LostInParadise's avatar

It is not clear to me that your husband is responsible for the cost of replacing the tire. If he had damaged the backhoe by running it into something then he would be responsible, but for something that got worn out through normal use I am not so sure. Instead of grumbling about having the tire replaced by a used one, I think your husband’s brother should have offered to pay half the cost of the replacement.

Rangie's avatar

@LostInParadise I would think so too.
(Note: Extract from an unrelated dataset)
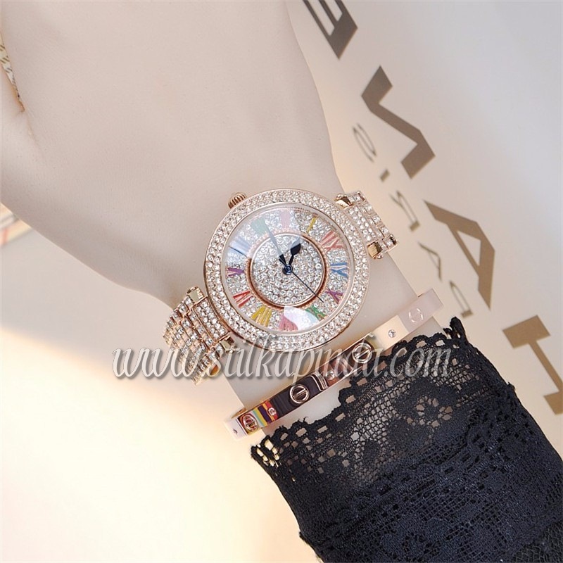 Paslanmaz çelik kasa dayanıklı ve parlaklığını uzun süre korur, çizilmelere karşı dirençlidir. Swarovski taşlar lüks ve ışıltılı bir görünüm verir, kadranı benzersiz kılar. Renkli romen rakamlar okunaklılık ve eğlenceli stil ekler. Su geçirmez yapı pratik kullanım sunar; analog mekanizma klasik ve güvenilir çalışır. Günlükten akşam kombinlerine uyum sağlar, kaliteli malzeme uzun ömürlü kullanım vaat eder.

Or at least, say gee thanks bro. That’s all. But we already knew he would not offer to go halves, as they discussed earlier. It wasn’t the cost really, it was his brothers attitude that was he kicker. This particular member of the family, would not have done the same, if he had borrowed our backhoe. That is a fact. GA

mattbrowne's avatar

Depends. There could have been a pre-existing condition because of a negligent owner. For example a car not getting the regular service needed.

Sophief's avatar

I think your husband was right to replace it. Your motto is right, don’t borrow. I think sometimes people lend things that are slightly worn in the hope it will break while in your possession, so you have to replace it.

Rangie's avatar

@Sophief In the case of this particular family member, I would believe that to be true. However, my husband can’t quite see that, or doesn’t want to.

Sophief's avatar

@Rangie I guess we don’t want to see what we people we are close to are possible of doing. I think if it was someone close to me, I would feel the same. I know I’ve said it once already, but your avatar is just too cute.

Rangie's avatar

@Sophief We have no real problem with the other members of the family. Well, occasionally a little issue now and then about borrowing or not. But , he is not a very nice person. I will have to do a question one day on some to the things he has done. Thanks, those are my babies. They are sisters from the same litter. They are 8 yrs. old. I don’t know what I would do without them.

Sophief's avatar

@Rangie 8 years old, they are looking very very good for that age. I would have taken 6 years off them at least.

Rangie's avatar

@Sophief best friends anyone could want. And sorry you can’t borrow them. hehe. :o)

Sophief's avatar

@Rangie Can I at least send a kiss over for the dogs, of course

Rangie's avatar

@Sophief absolutely, and they will kiss you back

Sophief's avatar

@Rangie I do love dogs, especially cute ones.